For the next one hundred and twenty-five years, tariffs on imports provided 50 percent to 85 percent of all revenue required to run the federal government.
Free traders also fail to recognize that the unemployment rate was 6.3% when President Biden took office and has been at 4% or less for 22 months in a row. And Biden kept the overwhelming majority of the Trump tariffs on imports, including all the tariffs imposed on China.
On July 17, 2023, a Wall Street Journal article titled “Pay Raises Are Finally Beating Inflation After Two Years of Falling Behind,” detailed that wages rose more than 4% while consumer prices increased 3%.

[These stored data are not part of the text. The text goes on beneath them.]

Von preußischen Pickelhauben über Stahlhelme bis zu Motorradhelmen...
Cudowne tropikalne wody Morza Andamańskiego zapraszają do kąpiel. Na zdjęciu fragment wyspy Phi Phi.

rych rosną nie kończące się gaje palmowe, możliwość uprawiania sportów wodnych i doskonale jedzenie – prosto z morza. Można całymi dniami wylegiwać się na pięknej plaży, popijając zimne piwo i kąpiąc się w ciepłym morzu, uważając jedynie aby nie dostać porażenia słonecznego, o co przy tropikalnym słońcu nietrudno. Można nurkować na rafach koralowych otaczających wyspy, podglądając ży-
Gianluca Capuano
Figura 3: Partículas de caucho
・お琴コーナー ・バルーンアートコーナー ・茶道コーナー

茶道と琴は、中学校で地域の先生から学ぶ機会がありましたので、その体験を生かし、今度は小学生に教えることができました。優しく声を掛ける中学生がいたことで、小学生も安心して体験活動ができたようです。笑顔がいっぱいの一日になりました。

The difference between free trade face-savers and otherwise objective Americans can be described by Nobel Laureate Angus Deaton, who says in a BusinessWeek magazine edition on October 9, 2023, that his own views have flipped. According to the article, “Mr. Deaton believes nothing…exemplifies how economics has gone awry more than the epidemic of deaths from alcoholism, opioid overdoses and suicide that has hit the American working class in recent decades. He believes one primary cause of that surge was economists’ enthusiasm for globalization, with its emphasis on the unfettered movement of goods, capital and jobs.” Deaton says, “You can’t think about trade policy and think about money entirely. It’s people’s souls and their communities and their churches and their lives” that are at stake when jobs are dislocated.

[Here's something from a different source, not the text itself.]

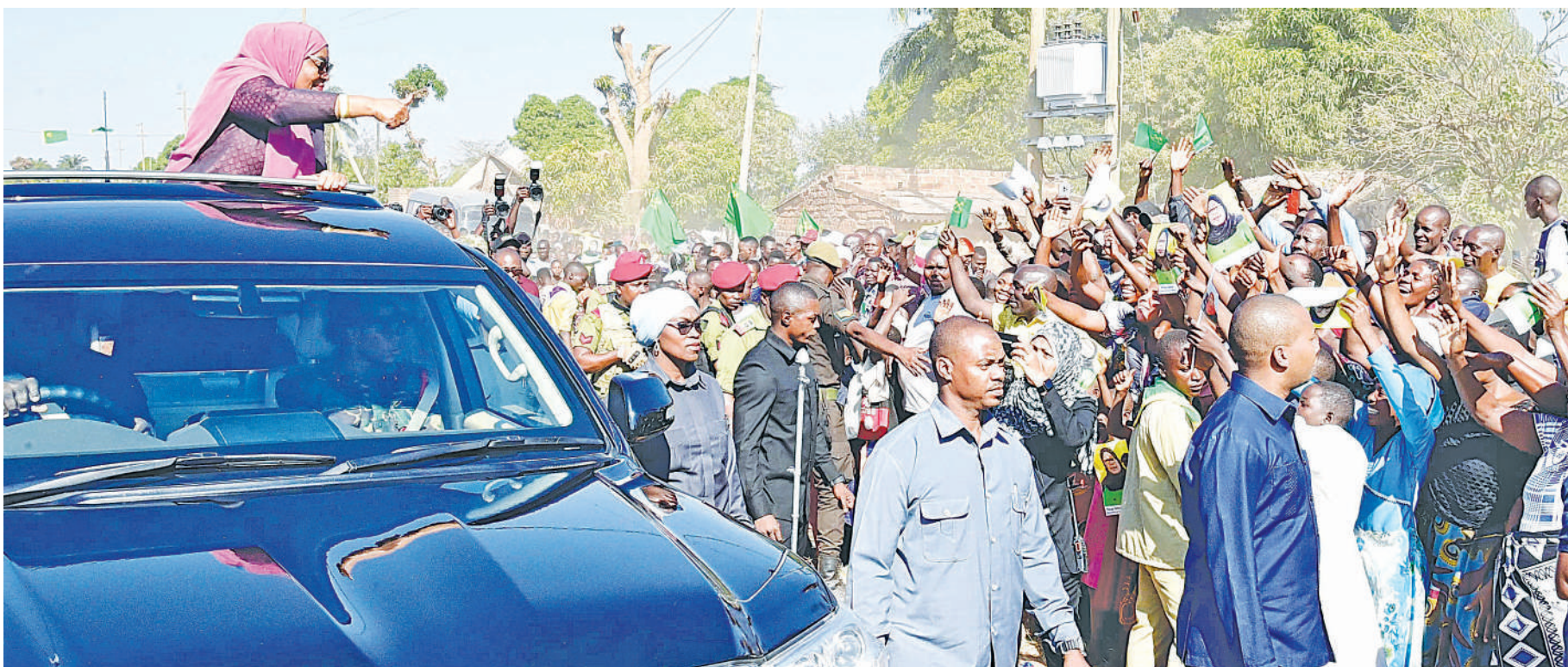
Rais Samia Suluhu Hassan akisalimbia wananchi baada ya kuwasili katika Uwanja wa Ndege wa Mpanda, Mkoa wa Katavi kwa ajili ya kuanza ziara ya kikazi mkoani humo jana.

Dk. Tulia, Rais Putin wateta vita vya Russia, Ukraine

Protectionist Pat Buchanan used to be a free trader. So did Sen. Marco Rubio. Former House Speaker Newt Gingrich admitted he was wrong on China in his 2019 book, in which he stated, “I decided I really wanted to put together a book — partly for myself — but also because I thought it was useful to have somebody who had been part of the consensus on China to say, ‘Wait a second, here’s what went wrong, here’s people like me to change their opinions and this is how big the challenge is going to be.”
The bottom line is that free traders are making an embarrassing saving-face attempt in an era of high tariffs, resulting in a lower unemployment rate, higher wages than prices, and higher consumer spending despite record inflation and high-interest rates.
British economist John Maynard Keynes once said, “When the facts change, I change my mind. What do you do, sir?” But free trade face-savers can’t bring themselves to do that in the light of a successful economy with relatively high tariffs.
Many free traders know they are wrong in pushing free trade and free markets and their potential economic injury to our country, but they simply cannot stop peddling their face-saving lies.